Opinion » The Rant

Snow Cones and Nazis: Twitter Keyboard Commandoes Strike Again



The billionaire Reimann family — owners of Krispy Kreme, Einstein Bros. Bagels, Panera Bread, Dr. Pepper, Stumptown Coffee, and a long list of other brands in your pantry and bathroom cabinet — recently confessed that their progenitor was a straight-up Nazi. Albert and Albert Jr., who died in 1954 and 1984, respectively, didn't speak of those days. The Reimann heirs believed a 1978 report had uncovered all there was to see about their family's Nazi past.
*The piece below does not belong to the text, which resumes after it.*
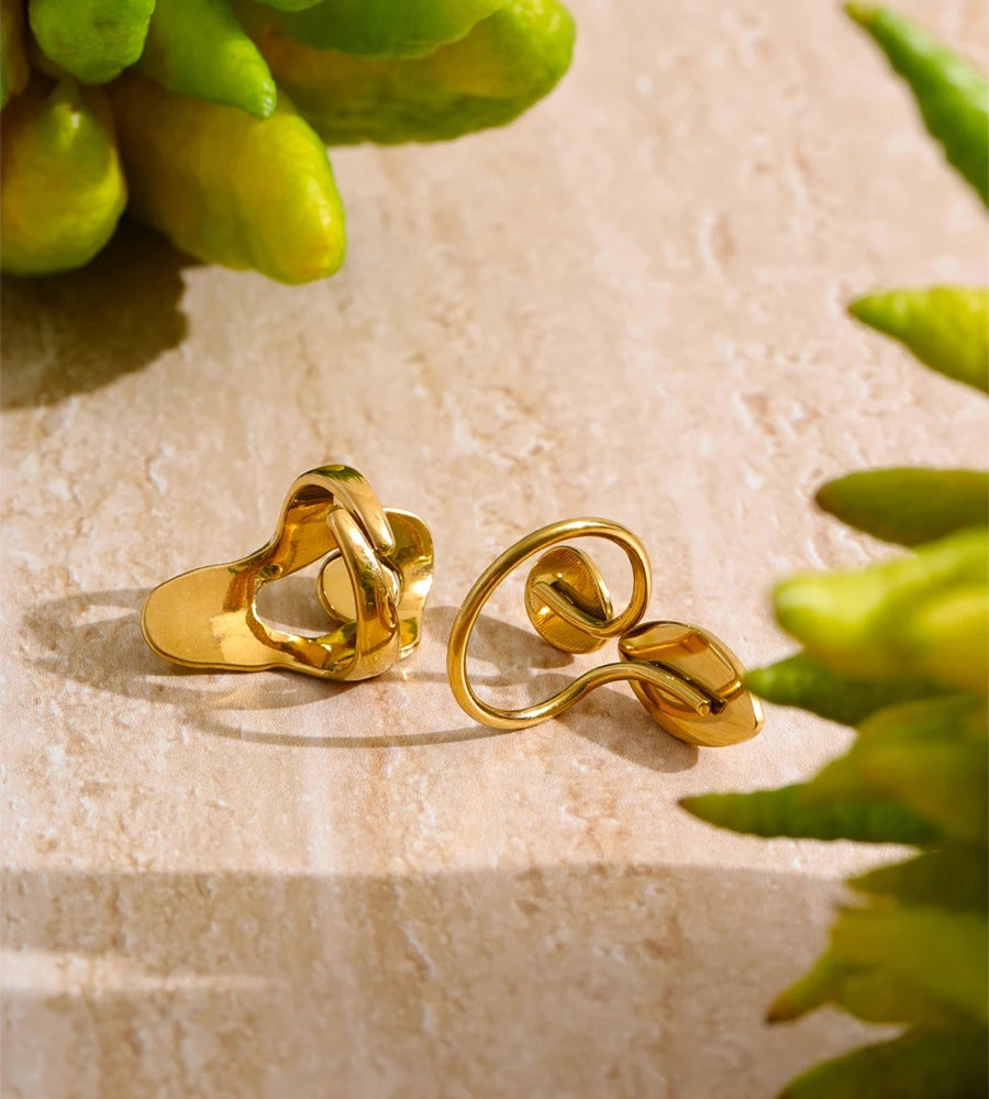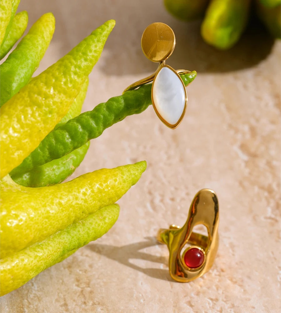 Featuring a striking geometric design, these rings combine vibrant red agate and smooth shell stones set in a durable stainless steel band. The 18k gold PVD plating ensures a rust-proof finish while adding a luxurious sheen. Resizable options provide a comfortable fit, making them perfect for everyday wear or special occasions. Their minimalist yet trendy style complements a variety of outfits with ease.

They maintained that they were "reluctant" employers of slaves and prisoners of war in their chemical plants: That was the cost of doing business back then. Further research, commissioned by the family a few years ago, revealed otherwise. Father and son were avowed anti-Semites and early donors to the SS. Huge Hitler fans.

"They belonged in prison," a family spokesman told German newspaper Bild. The Reimanns pledged to donate $11 million to charity after learning the extent of their ancestors' crimes.

"Never get another dollar from me again," one Twitter user said. "And I bet I'm not alone."

Others: "Oh well, another business I don't have [sic] patronize."

"You have no loyalty and made a lot of enemies."

"Never buying a snow cone from y'all again."

Okay, wait. My bad. I must have gotten my notes mixed up. Those quotes aren't about the Nazi bagel family. That story barely registered a blip on the outrage meter; I stumbled across it five levels deep into the Washington Post app.

Tennessee traitors? Nope, it’s Jerry’s Sno Cones. - JUSTIN FOX BURKS
  • Justin Fox Burks
  • Tennessee traitors? Nope, it’s Jerry’s Sno Cones.

No, those comments were a sampling of responses to locally beloved icy treat purveyor Jerry's Sno Cones after they tweeted a picture of an orange UT-themed Jerry's shirt with good luck wishes for the Volunteers in the NCAA Tournament. For this apparent mortal sin, a small army of snow cone snowflakes masquerading as "real Tiger fans" bullied @ConesJerry into deactivating their account.

If you weren't convinced by now that Twitter has outlived its usefulness as a medium for polite and reasonable conversation, re-read the sentence above. It's the most embarrassing thing a handful of people has done in the name of "Tiger Nation" since the Calipari lawn vigil a decade ago.

I only wish the person running the account — probably some teenage employee trying to build a portfolio for job applications — had been empowered to respond appropriately: "We'll sure miss you in the line this summer, @TiptonTyger5892335. We hate to lose a regular." Or "When the Tigers make the tournament, we'll post something for them, too." They could have turned off notifications and deleted the app for a few days. Shortly after Jerry's was "canceled," Purdue sent the Vols and their orange-and-white trousers back to Knoxville.

Twitter is the only place where acknowledging the existence of other universities in the state is viewed with frothing rage as an affront to "901 loyalty," because who would say that out loud? That's the beauty/agony of the platform. You don't even have to consider whether your tweet is thoughtful, right, or stable. Just chuck it like a Frisbee and hope someone catches it. And if someone calls you out for saying something ridiculous? Well, they need to learn how to take a joke. I swear, for every connection I've made on that website, there are at least two asinine takes I wish I'd never read.

Want to be angry at a business? There are so many to choose from, and so many legitimate reasons. Get mad that one chicken restaurant can't stop bankrolling anti-LGBTQ organizations or disrupting traffic on Poplar. Stay forever mad that one family owns almost every bagel and coffee chain in America — a fact that depressed me before I learned they're a couple generations removed from actual Nazis. Look around and observe all the conveniently timed exterior projects in Memphis: How many companies could have spent their tax cuts on payroll and hiring, but opted to paint the building gray instead? Shake your fist at pay inequality, crappy family leave policies, CEO compensation, and all the other gross side effects of capitalism. Instead folks are pitching fits over a snow cone stand and an orange T-shirt. Very cool.

Jen Clarke is an unapologetic Memphian and digital marketing specialist.